YOUR INSTRUCTIONS: Restate the whole listing below word for word and keep the images out.

COLLECTED MATERIAL:
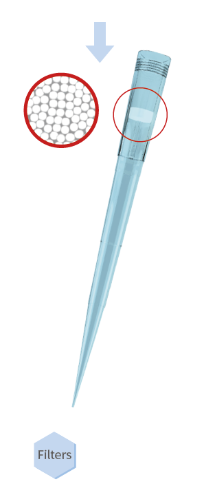 • Filter serves as a barrier against aerosols and protects the pipette shafts from any contamination
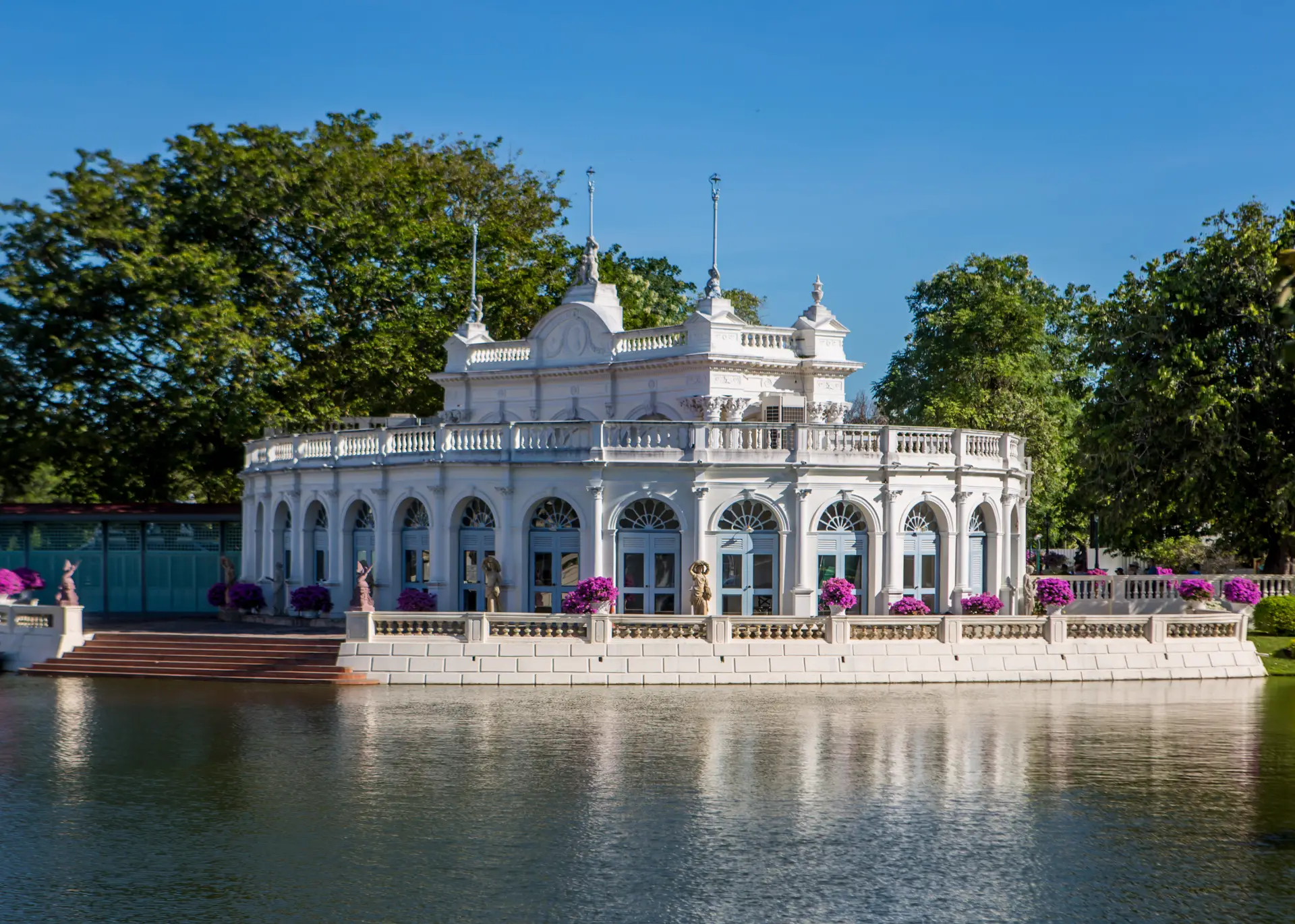 Bang Pa-In glitters—water, marble, gold leaf, and lush gardens. A circular polarizer tames glare on ponds and gilding, bringing texture to architecture and greenery; a variable ND lets you slow the scene—turn strolling visitors into ghostly motion, fountains into silk, and river shimmer into smooth serenity beneath palace arches.
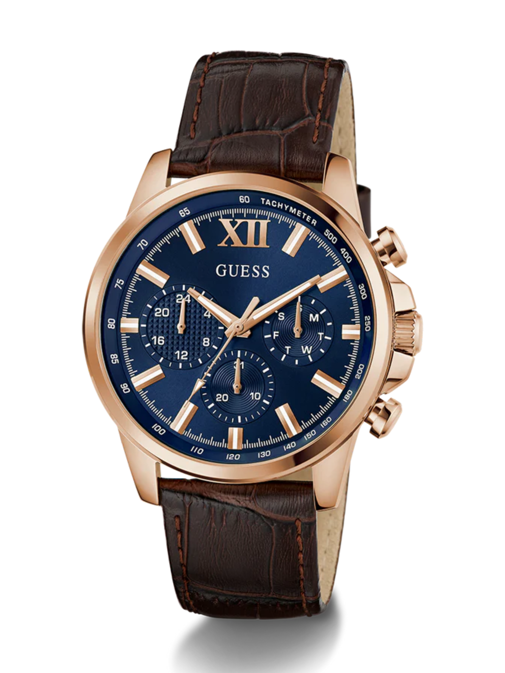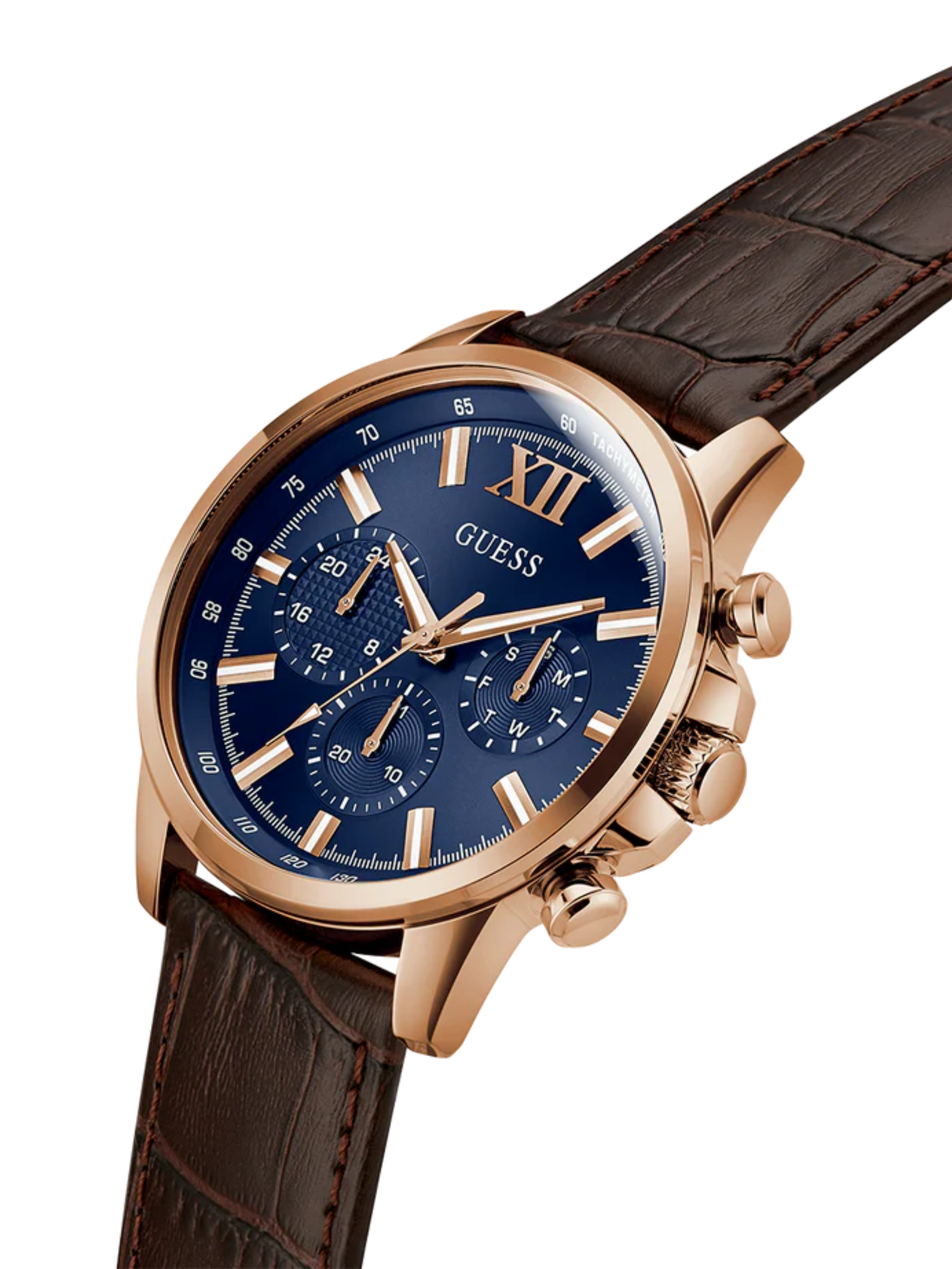 Sure to be a staple in your watch wardrobe this clean dress look features a chrono-look multi-function dial and is paired with a croco leather strap.

RESULT OF THIS TASK:
 • Filter serves as a barrier against aerosols and protects the pipette shafts from any contamination
 Bang Pa-In glitters—water, marble, gold leaf, and lush gardens. A circular polarizer tames glare on ponds and gilding, bringing texture to architecture and greenery; a variable ND lets you slow the scene—turn strolling visitors into ghostly motion, fountains into silk, and river shimmer into smooth serenity beneath palace arches.
 Sure to be a staple in your watch wardrobe this clean dress look features a chrono-look multi-function dial and is paired with a croco leather strap.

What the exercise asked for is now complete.